EXERCISE INSTRUCTIONS. Everything in the records must be restated exactly, apart from the pictures.

Start of Block

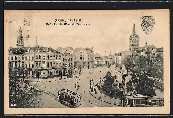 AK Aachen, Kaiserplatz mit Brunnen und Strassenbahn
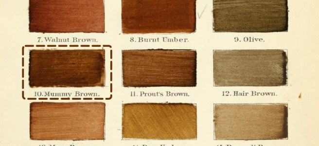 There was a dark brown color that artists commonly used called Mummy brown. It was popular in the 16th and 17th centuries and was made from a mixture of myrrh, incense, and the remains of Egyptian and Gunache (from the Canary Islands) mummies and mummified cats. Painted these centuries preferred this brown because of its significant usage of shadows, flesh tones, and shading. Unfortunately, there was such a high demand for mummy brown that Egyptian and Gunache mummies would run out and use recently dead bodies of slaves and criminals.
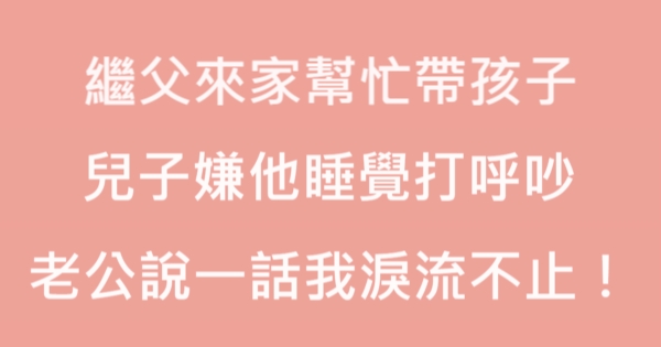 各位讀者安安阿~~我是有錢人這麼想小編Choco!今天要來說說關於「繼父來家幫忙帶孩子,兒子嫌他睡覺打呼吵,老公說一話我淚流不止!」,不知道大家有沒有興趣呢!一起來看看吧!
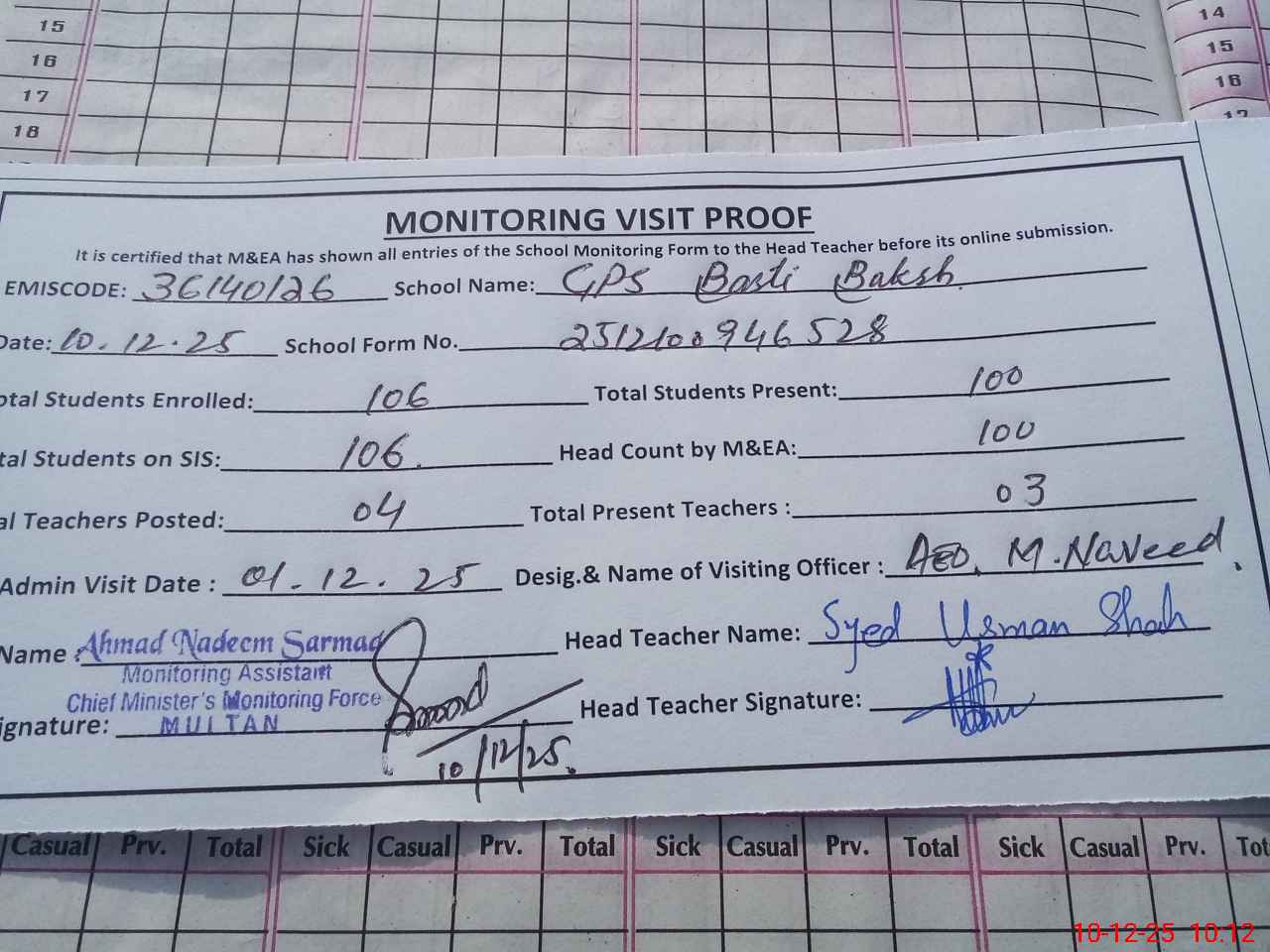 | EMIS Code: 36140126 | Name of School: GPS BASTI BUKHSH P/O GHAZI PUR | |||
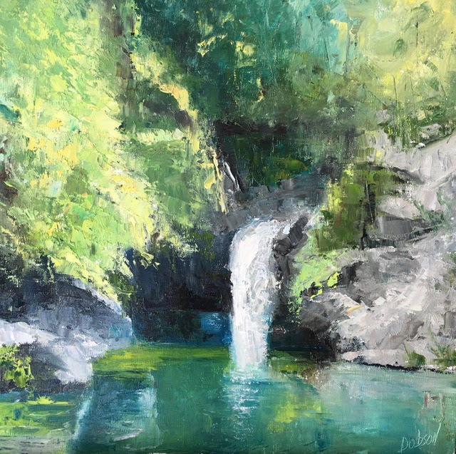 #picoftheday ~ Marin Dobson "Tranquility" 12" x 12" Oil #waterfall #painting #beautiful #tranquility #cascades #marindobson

End of Block

FINISHED EXERCISE.
 AK Aachen, Kaiserplatz mit Brunnen und Strassenbahn
 There was a dark brown color that artists commonly used called Mummy brown. It was popular in the 16th and 17th centuries and was made from a mixture of myrrh, incense, and the remains of Egyptian and Gunache (from the Canary Islands) mummies and mummified cats. Painted these centuries preferred this brown because of its significant usage of shadows, flesh tones, and shading. Unfortunately, there was such a high demand for mummy brown that Egyptian and Gunache mummies would run out and use recently dead bodies of slaves and criminals.
 各位讀者安安阿~~我是有錢人這麼想小編Choco!今天要來說說關於「繼父來家幫忙帶孩子,兒子嫌他睡覺打呼吵,老公說一話我淚流不止!」,不知道大家有沒有興趣呢!一起來看看吧!
 | EMIS Code: 36140126 | Name of School: GPS BASTI BUKHSH P/O GHAZI PUR | |||
 #picoftheday ~ Marin Dobson "Tranquility" 12" x 12" Oil #waterfall #painting #beautiful #tranquility #cascades #marindobson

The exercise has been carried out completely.